Founder, Working Women's Forum
- Succeeded by: Nandini Azad

Personal details
- Born: 8 February 1935 Tamil Nadu, India
- Died: 29 June 2019 (aged 84) Chennai, Tamil Nadu, India
- Occupation: Social worker
- Awards: Padma Shri, Stree Shakti Puraskar

= Jaya Arunachalam =

Indian social worker and activist (1935–2019)

Jaya Arunachalam was an Indian social worker and the founder of Working Women's Forum, a non-governmental organization based in the Indian state of Tamil Nadu, working for the welfare of marginalized women. Starting in 1978, she channeled her activities under the aegis of the forum for organizing poor working women and provided them with seed capital to start their small business or to develop their existing business.

Arunachalam was born on 8 February 1935 in Tamil Nadu in a Brahmin family and has a master's degree in economics and geography. She was a member of the governing council of the Society for International Development, Rome, and was recognized as the first South Asian woman to join the council.

Arunachalam also served as the vice president of the Tamil Nadu Congress Committee and a member of the All India Congress Committee, along with several committees related to women's welfare and development across India.

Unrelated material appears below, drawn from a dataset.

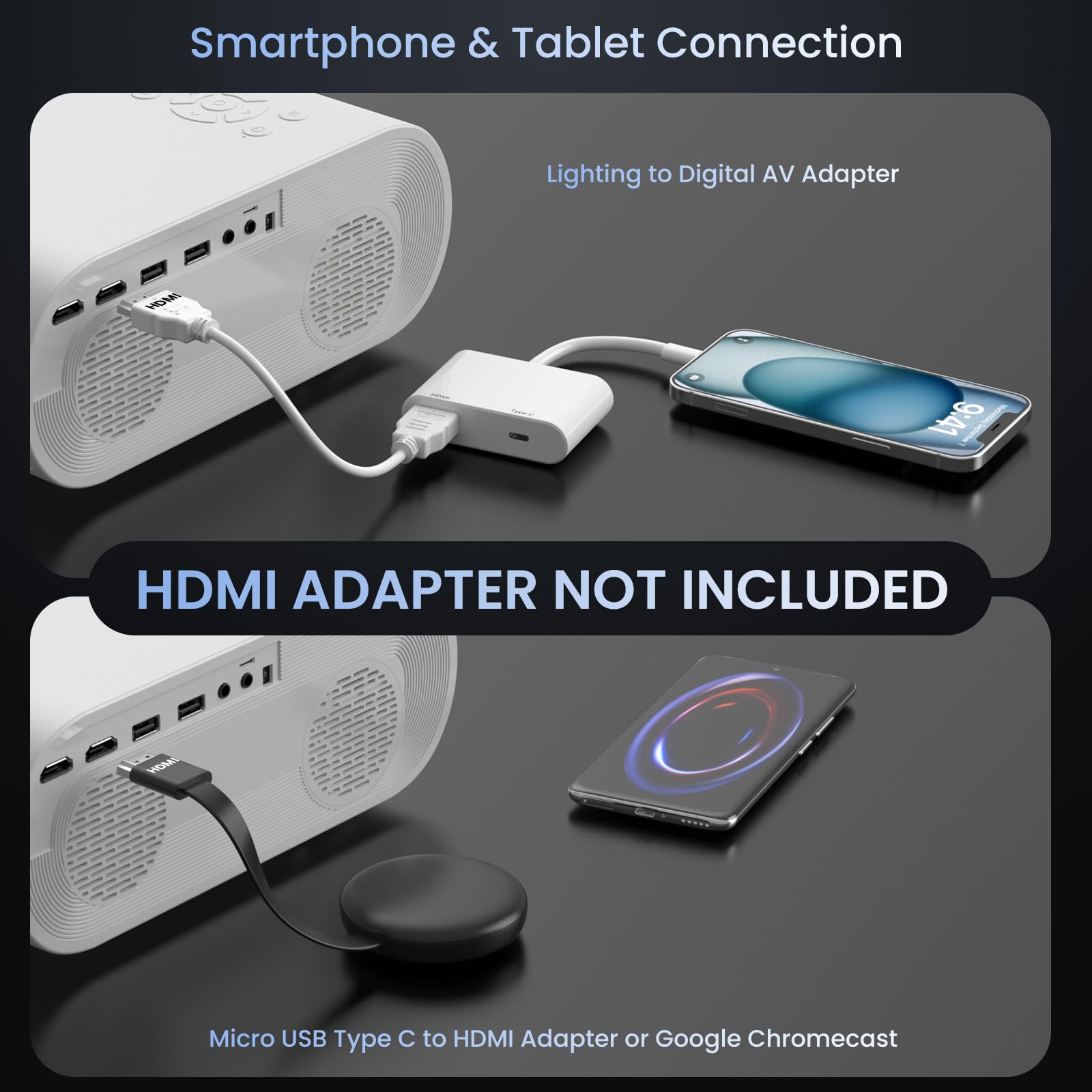 - 【Phone Projector with Wide Compatibility】:Equipped with HDMI, AV, USB, 3.5mm headphone interface, the smart projector is compatible with TV Box, TV Stick, Laptops, Tablets, USB Flash Drive, etc. it's compairble to multiple devices to meet most daily home theater requirements—Home Theater, Video Game, Party, Apartment

== Working Women's Forum (WWF) ==
In 1978, Arunachalam founded the Working Women's Forum, an organization that aims to organize and unite women working in the informal sector, especially small-scale traders and sellers. By doing so, the WWF is able to identify and address the problems faced by women in unorganized professions, with a view to make policy decisions and empower these women through the provision of facilities such as training, credit, material inputs, etc. In line with any other worker union, the WWF allows women to collectively demand better working conditions, social and political rights.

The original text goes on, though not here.